Source records below:
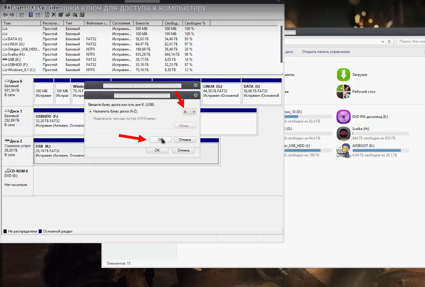 Тут нам для флешки, а точнее будущего usb защитника, нужно изменить букву на А.
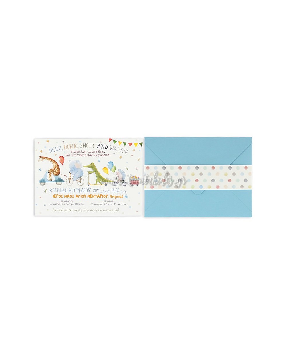 (1799 No91Κ) Προσκλητήριο Βάπτισης Ζωάκια Ζούγκλας
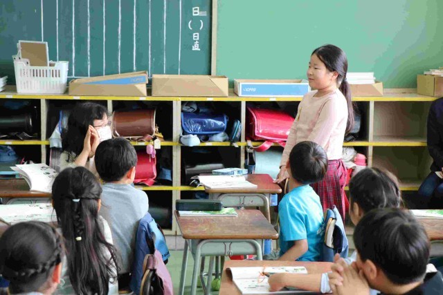 さらに隣の子が・・・と続いていきました。自分の紹介だけでなく、友達の紹介もよく聞いていないとうまく話せないので、みんな集中して聞き合っていました。
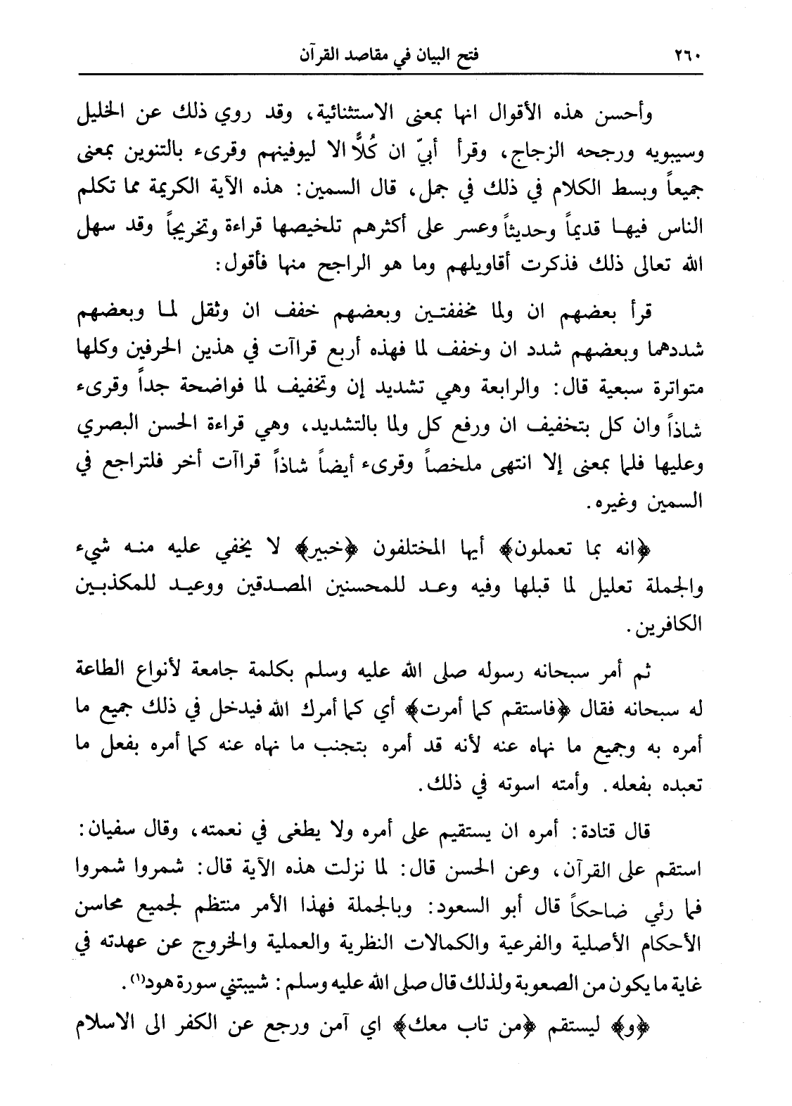 قال قتادة: أمره أن يستقيم على أمره ولا يطغى في نعمته، وقال سفيان: استقم على القرآن، وعن الحسن قال: لما نزلت هذه الآية قال: شمروا شمروا فما رئي ضاحكاً قال أبو السعود: وبالجملة فهذا الأمر منتظم لجميع محاسن الأحكام الأصلية والفرعية والكمالات النظرية والعملية والخروج عن عهدته في غاية ما يكون من الصعوبة ولذلك قال صلى الله عليه وسلم: شيبتني سورة هود (¬1).
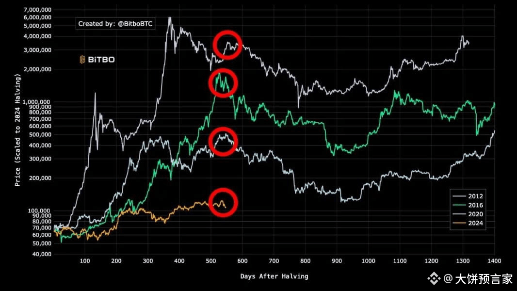 2013年、2017年、2021年,历史上每次牛市见顶的时间,都发生在减半后的第500-600天。
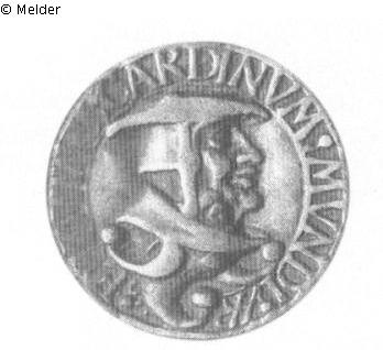 Medaille. Vs.: Doppelkopf Kardinal und Narr, Umschrift: EFFIGIES CARDINVM MVNDI und die Signatur HR (ligiert). Rs.: Inschrift: EFFE= / MINIATI / DOMINA= / BVNTVR / EIS / 1544. Das Tridentiner Konzil, auf das sich die Medaille beziehen soll, begann erst am Ende des nachfolgenden Jahres.
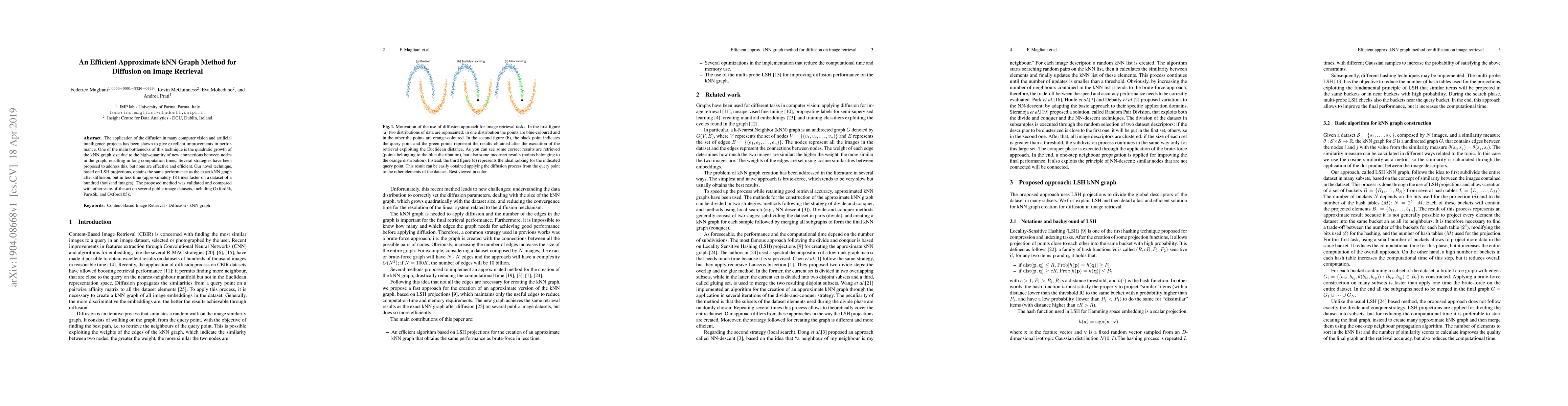 This paper proposes an efficient approximate kNN graph method using LSH projections for diffusion-based image retrieval, achieving approximately 18 times faster performance compared to exact kNN graph methods while maintaining similar retrieval accuracy. The method was validated against state-of-the-art techniques on multiple public datasets.
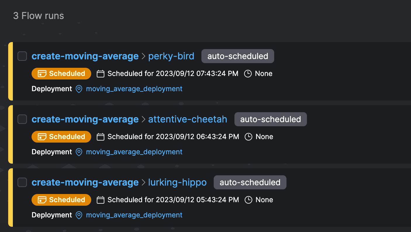 Congrats, you've got a flow scheduled with Prefect! A deployment was automatically created for you.
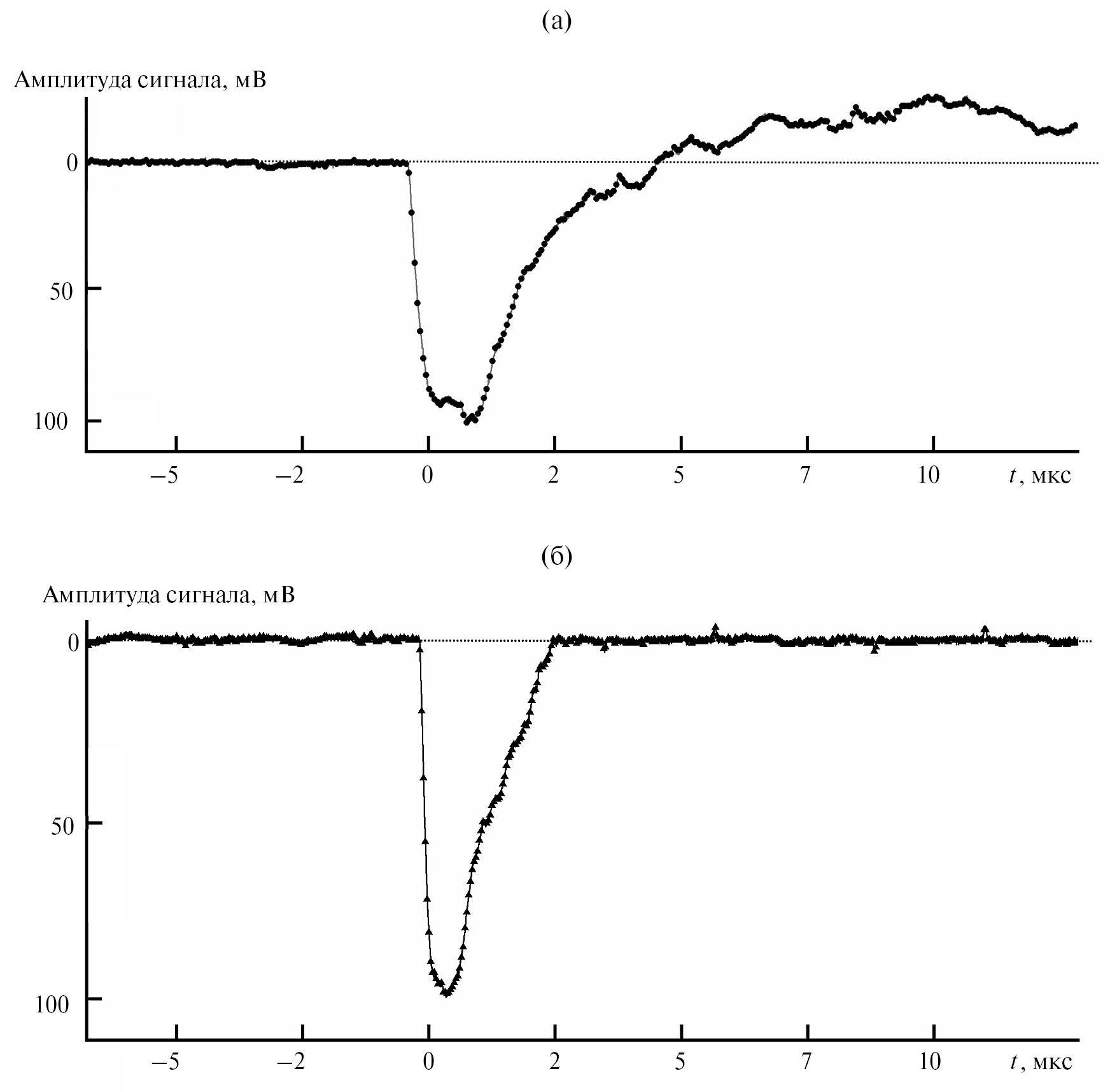 Рис. 6. Сигналы, полученные от детекторов со стандартной (а) и динамической (б) схемами смещения кремниевых фотоумножителей.
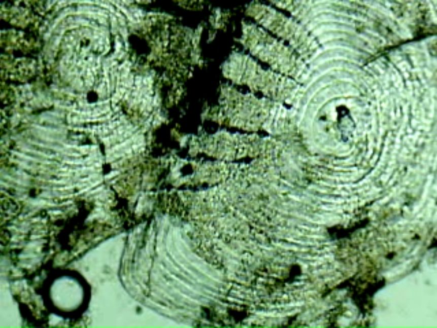 In this video, you can notice the pattern of concentric rings (called annuli), resembling those of tree trunks, of three scales belonging to a Melanotaenia praecox fish.
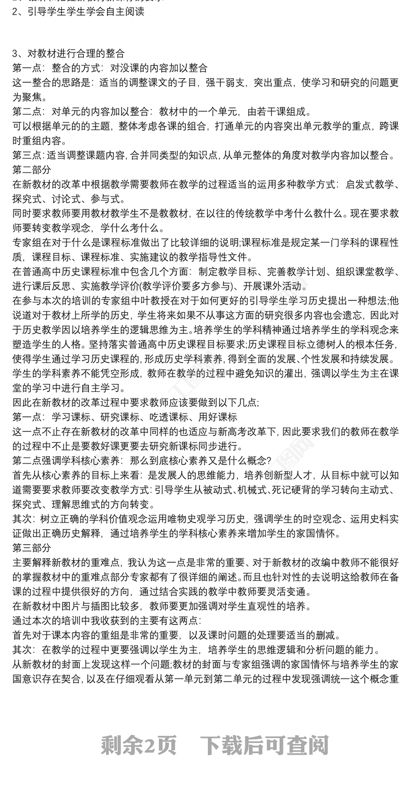 20xx年高中歷史統編教材培訓學習心得 Array
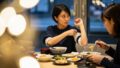 オフィスで体臭を気にして腕のにおいを確認する女性
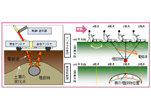 地下埋設物の探査が可能なため、掘削工事の前に探査を実施すれば埋設物との接触事故を未然に防止することが可能である。
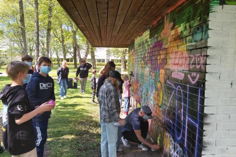 En av de fyra väggarna var under dagen öppen för allmänheten att prova på att måla på. Intresset visade sig vara så stort att det snart tog slut på sprayburkar. Två ålänningar som hann med att prova graffitimålning och som dessutom hade med sig egna burkar var Filip Örblom och Valter Isaksson.
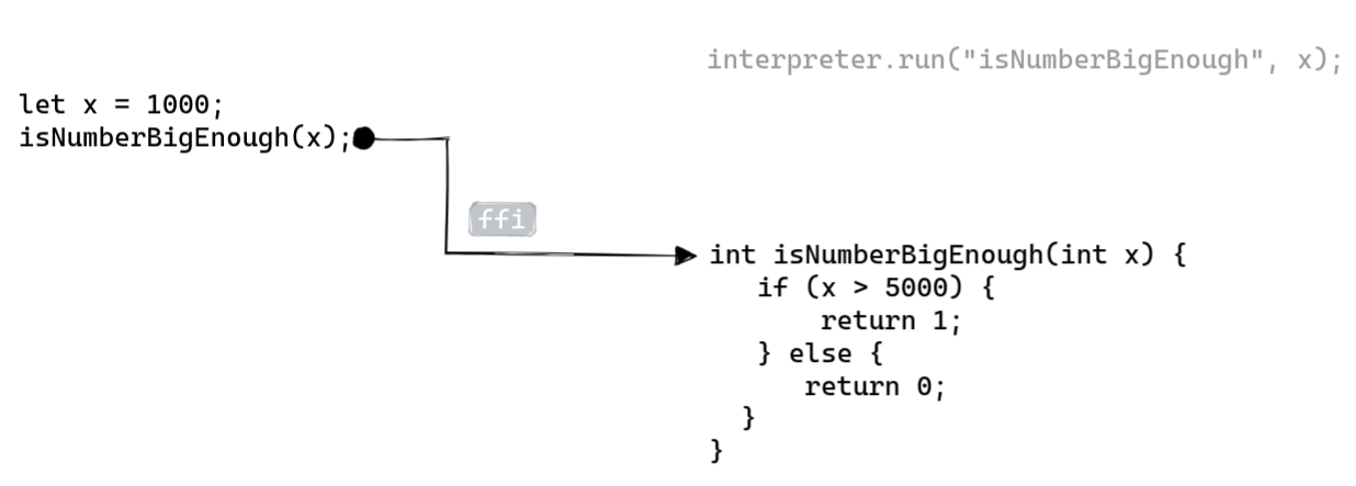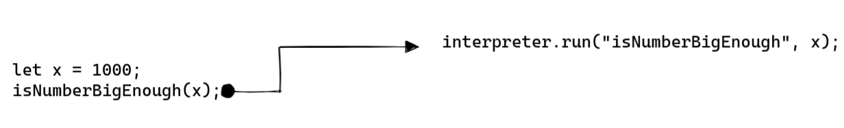 الآن ما یک اشاره گر داریم به تابعی که میخواد تابع مارو Interpret و اجرا کنه. اگه یک تابعی در زبان هاستمون که مثلا اینجا C هست نوشته باشیم که کارش دقیقا همین isNumberBigEnough هست و این اشارهگر رو به اون تغییر بدیم، دیگه لازم نیست از Interpreter برای اجرا این تابع استفاده کنیم.
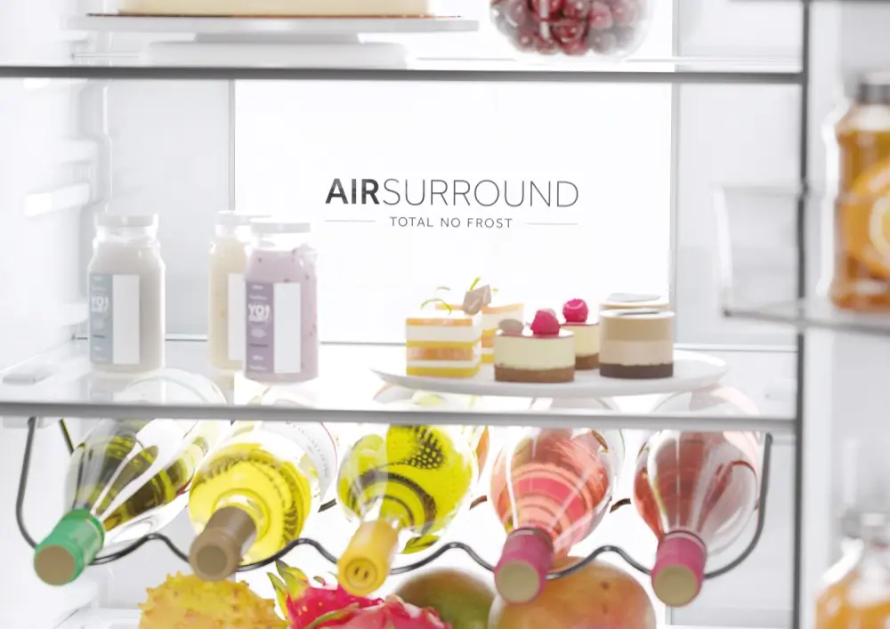 Con Haier Air Surround Fresher Tech, l'aria scorre all’interno del frigorifero in modo più omogeneo così da mantenere il gusto, la consistenza e la succosità degli alimenti fino al 99%* dopo 7 giorni come il giorno 1. Infatti, grazie alle speciali uscite laterali sulla colonna, questo sistema distribuisce l'aria fredda così da avvolgere il cibo in tutta la cavità del frigorifero ed evitando il flusso diretto sullo stesso, al fine di mantenerne la consistenza e prevenire l’asciugatura degli alimenti.
End of Source records.
### Goal of the exercise
In the records above, find the line with "قال قتادة: أمره". Print exactly from there through the line with "الآن ما یک اشاره", minus the pictures.

### Reply
 قال قتادة: أمره أن يستقيم على أمره ولا يطغى في نعمته، وقال سفيان: استقم على القرآن، وعن الحسن قال: لما نزلت هذه الآية قال: شمروا شمروا فما رئي ضاحكاً قال أبو السعود: وبالجملة فهذا الأمر منتظم لجميع محاسن الأحكام الأصلية والفرعية والكمالات النظرية والعملية والخروج عن عهدته في غاية ما يكون من الصعوبة ولذلك قال صلى الله عليه وسلم: شيبتني سورة هود (¬1).
 2013年、2017年、2021年,历史上每次牛市见顶的时间,都发生在减半后的第500-600天。
 Medaille. Vs.: Doppelkopf Kardinal und Narr, Umschrift: EFFIGIES CARDINVM MVNDI und die Signatur HR (ligiert). Rs.: Inschrift: EFFE= / MINIATI / DOMINA= / BVNTVR / EIS / 1544. Das Tridentiner Konzil, auf das sich die Medaille beziehen soll, begann erst am Ende des nachfolgenden Jahres.
 This paper proposes an efficient approximate kNN graph method using LSH projections for diffusion-based image retrieval, achieving approximately 18 times faster performance compared to exact kNN graph methods while maintaining similar retrieval accuracy. The method was validated against state-of-the-art techniques on multiple public datasets.
 Congrats, you've got a flow scheduled with Prefect! A deployment was automatically created for you.
 Рис. 6. Сигналы, полученные от детекторов со стандартной (а) и динамической (б) схемами смещения кремниевых фотоумножителей.
 In this video, you can notice the pattern of concentric rings (called annuli), resembling those of tree trunks, of three scales belonging to a Melanotaenia praecox fish.
 20xx年高中歷史統編教材培訓學習心得 Array
 オフィスで体臭を気にして腕のにおいを確認する女性
 地下埋設物の探査が可能なため、掘削工事の前に探査を実施すれば埋設物との接触事故を未然に防止することが可能である。
 En av de fyra väggarna var under dagen öppen för allmänheten att prova på att måla på. Intresset visade sig vara så stort att det snart tog slut på sprayburkar. Två ålänningar som hann med att prova graffitimålning och som dessutom hade med sig egna burkar var Filip Örblom och Valter Isaksson.
 الآن ما یک اشاره گر داریم به تابعی که میخواد تابع مارو Interpret و اجرا کنه. اگه یک تابعی در زبان هاستمون که مثلا اینجا C هست نوشته باشیم که کارش دقیقا همین isNumberBigEnough هست و این اشارهگر رو به اون تغییر بدیم، دیگه لازم نیست از Interpreter برای اجرا این تابع استفاده کنیم.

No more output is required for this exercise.